Study hour stays in our house. I believe that is a basic. It helps enormously for him to keep a scheduled task from the school year, and just about everyone I've talked to, including several doctors, agrees with me on that one. Keeping as many scheduled tasks as you can from the school year is great for them. It helps with their sleep and their attitudes.
Frances E. Kuo and Dr. Andrea Faber Taylor suggest an hour of "Green Time" a day as well. Their findings on this are quite impressive. An hour at the park according to the study they did at Illinois University and their published paper in American Journal of Public Health, can have profound effects on our children's mental health and general state of mind.

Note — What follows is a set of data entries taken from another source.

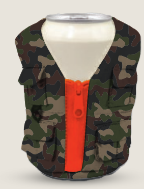
WOODSY CAMO DO1193-901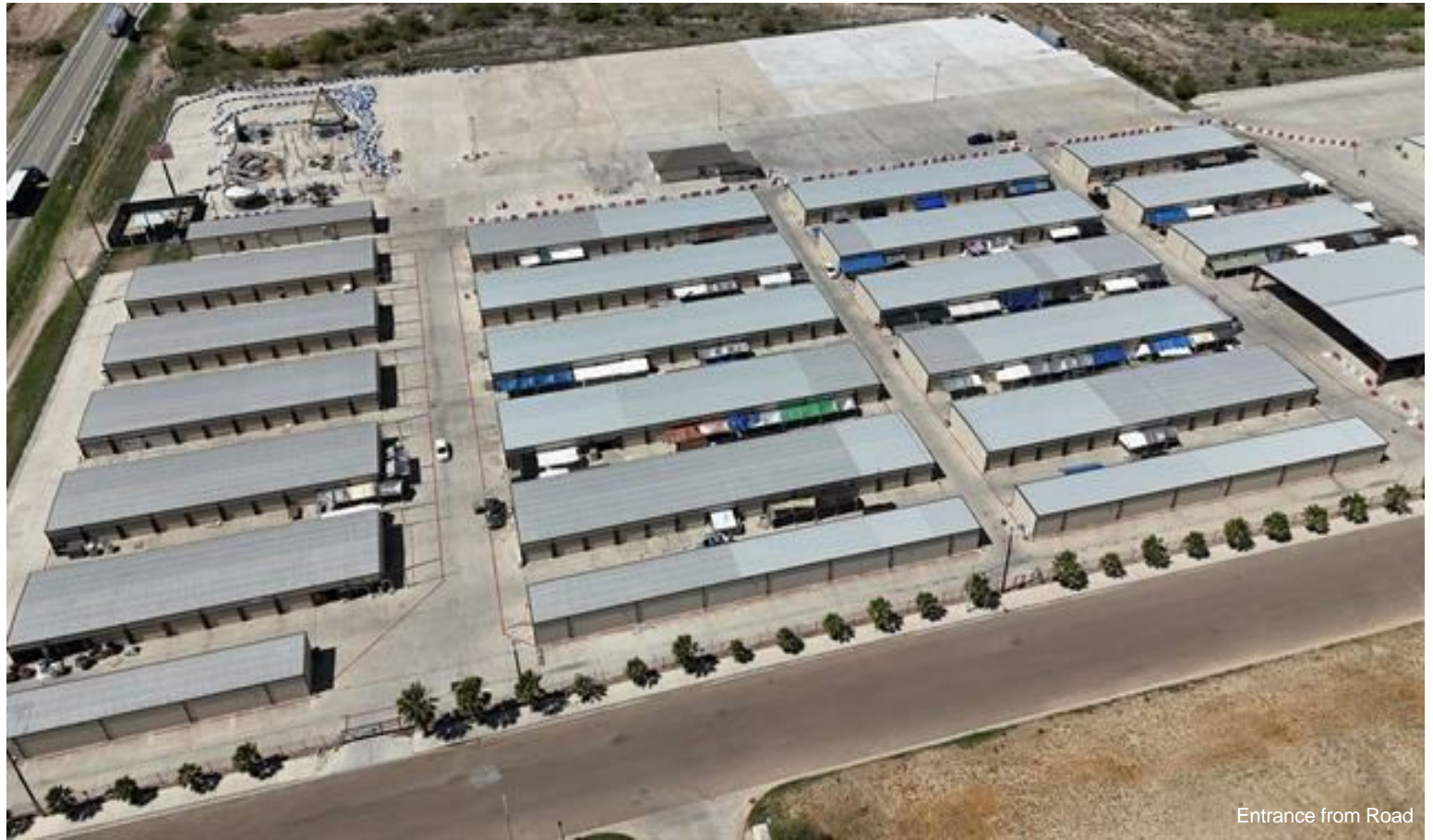
Entrance from Road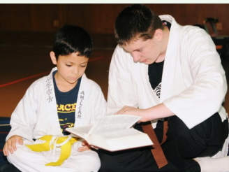
Making An Eternal Difference, One Black Belt At A Time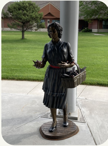
Left: "Our Canteen Lady" was recently added as a permanent fixture to Heroes' park.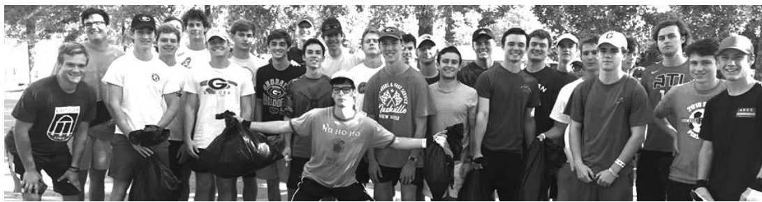
Phikeia support the Athens community by cleaning Fourth Street after the first home football game of the season.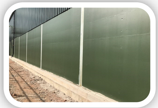
JUNIPER GREEN FOR EXTERNAL WALLS

SEAMLESS ELASTOMERIC NON TOXIC NO FUNGAL GROWTH EASY TO CLEAN HARD WEARING ECONOMICAL LOW ODOUR EASY TO APPLY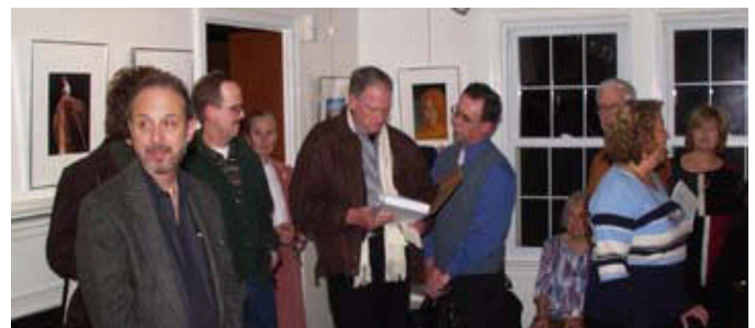
McCrillis Reception, Nov '01

McCrillis is a great place to visit in April. The flowers are blooming and everything is fresh and green. The theme will be "Landscapes of the World". Each member may submit up to five mounted/unframed images for consideration. See the schedule elsewhere in this issue.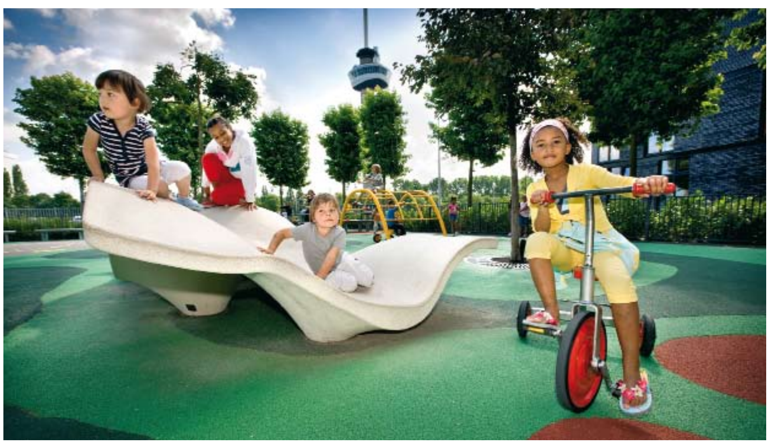
↑ | "Secret garden" play area ↓ | Children ride their bikes following the colorful

Located on the Mullerpier in Rotterdam, the site serves a schoolyard for the primary school nearby and a public square for its vicinity, which includes a home for the elderly, a business center, a theater and housing. The proposal for the playground was set up in cooperation with the school, parents, and neighbors. The demands were more green, shelter and better play areas. The final plan includes a sports area where older children can play competitive games and a smaller square where younger children can play in a diverse way. Around the square is a green hedge, which together with the green rubber underground reflects the theme of "a secret garden". The resulting site challenges children to play in diverse ways, while adults use the square as an outdoor facility of their neighborhood.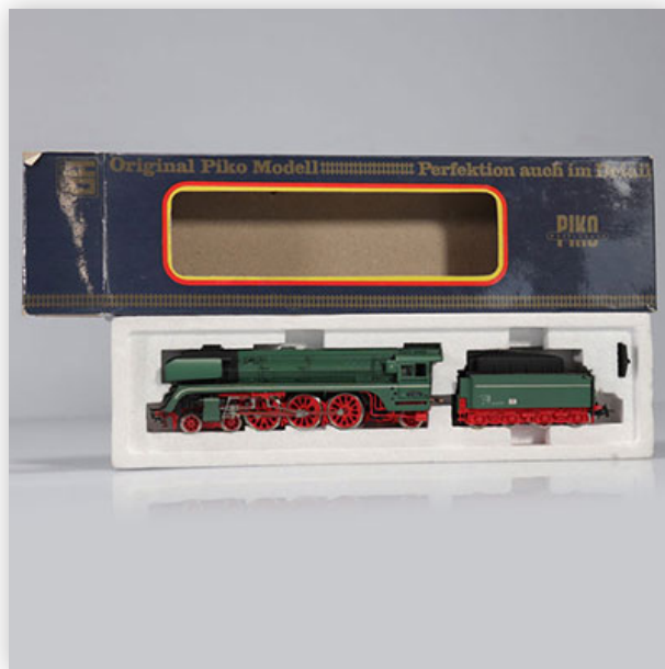
358 Piko locomotive / Reference: 5 6329 / Type: Dampflokomotive Pacific (01504)

Référence: GFAB6493 — Poids: 638 g — Sizes: Locomotive L=300mm — Condition: At first glance - very good condition - no restoration - no repair (2.287 FB in 1990)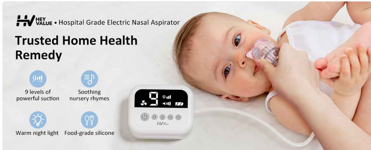
Image 5.1: The aspirator offers 9 levels of powerful suction to effectively clear nasal passages.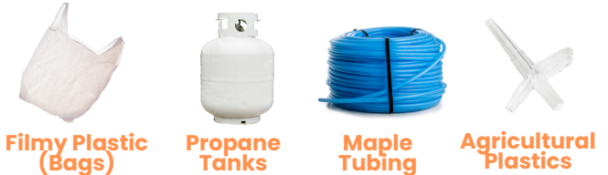
Filmy Plastic (Bags) Propane Tanks Maple Tubing Agricultural Plastics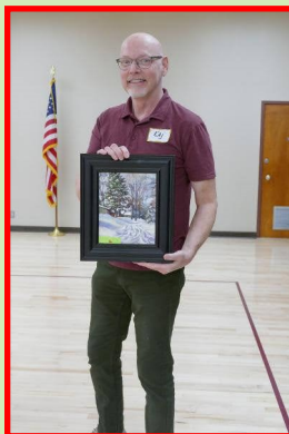
Holiday Theme Art Winners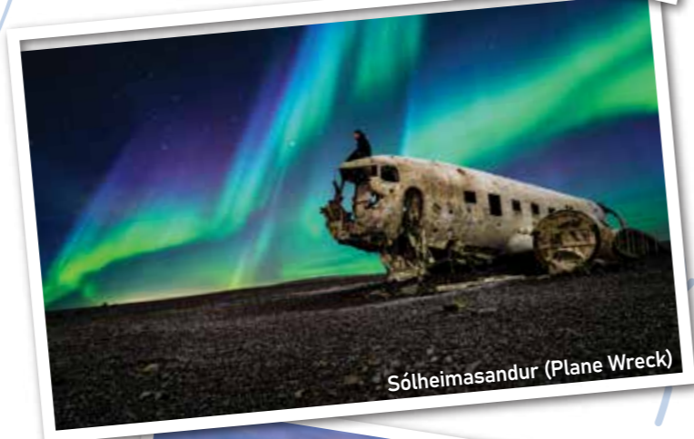
Sólheimasandur (Plane Wreck)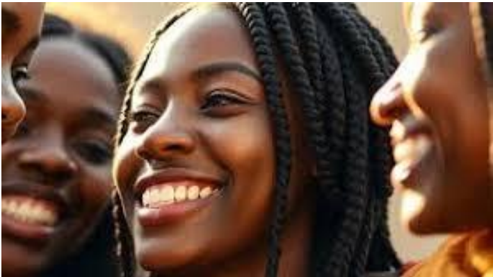
Click here and follow the Link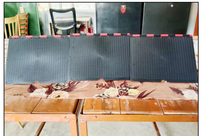
Braille Slate for the Blind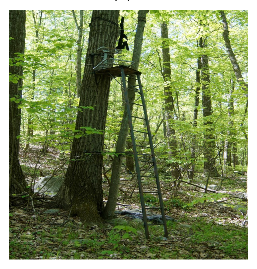
Evidence of Deer Hunting Occurring on the Property.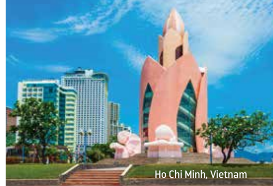
Ho Chi Minh, Vietnam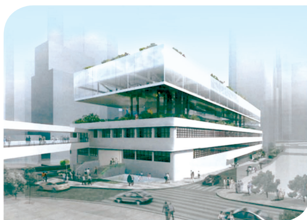
擬議的「城中綠洲」 Proposed 'Central Oasis'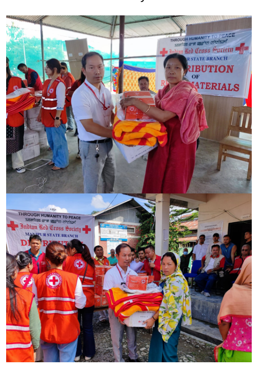
Distribution of relief materials in relief camps amongst the victims of Manipur ethnic conflict

I have found it best to have at least 3 things in the day that are scheduled. My best schedule had five (best meaning the switch from school to vacation to school again seemed to go very well), but I understand the "two working parents, with childcare life style" as well. Having three scheduled tasks/time areas they can spend around you in their home is enough to keep them centered and sleeping well at night.
I know I was just using the Summer Camp issue as an example for Summer Vacation Things To Do, but I would like to point out that Summer Camp is really a fantastic idea for ADHD kids. If you can locate one near you that has some experience with ADHD children, great. Even if you can't however, the Green Time is still fantastic for them.
You want a camp that is structured, with only an hour or so of "free ranging" time in the Schedule. Also it is great for them to be in the mountains or some place green, the wilder the better. I'm not suggesting that they live in caves with wolves (though my son would love such a camp), but the more trees, bushes, and tall grass, the better.
It is not just the Green Time that helps these kids, it is the structured interaction with other children their age in an environment where they are probably not standing out in the crowd that is positive for them. It is a place where they are "normal" for a change and can make some friends that they can relate to.
Getting email addresses and Instant messenger addresses for those new friends at the end of camp is a good idea. Getting some email addresses of the parents of those kids is also a great idea. There is nothing better than being able to discuss ideas and plans with other parents who understand what it is we are going through, the more the better. Our children sometimes feel like they are alone, and we forget sometimes that we are not.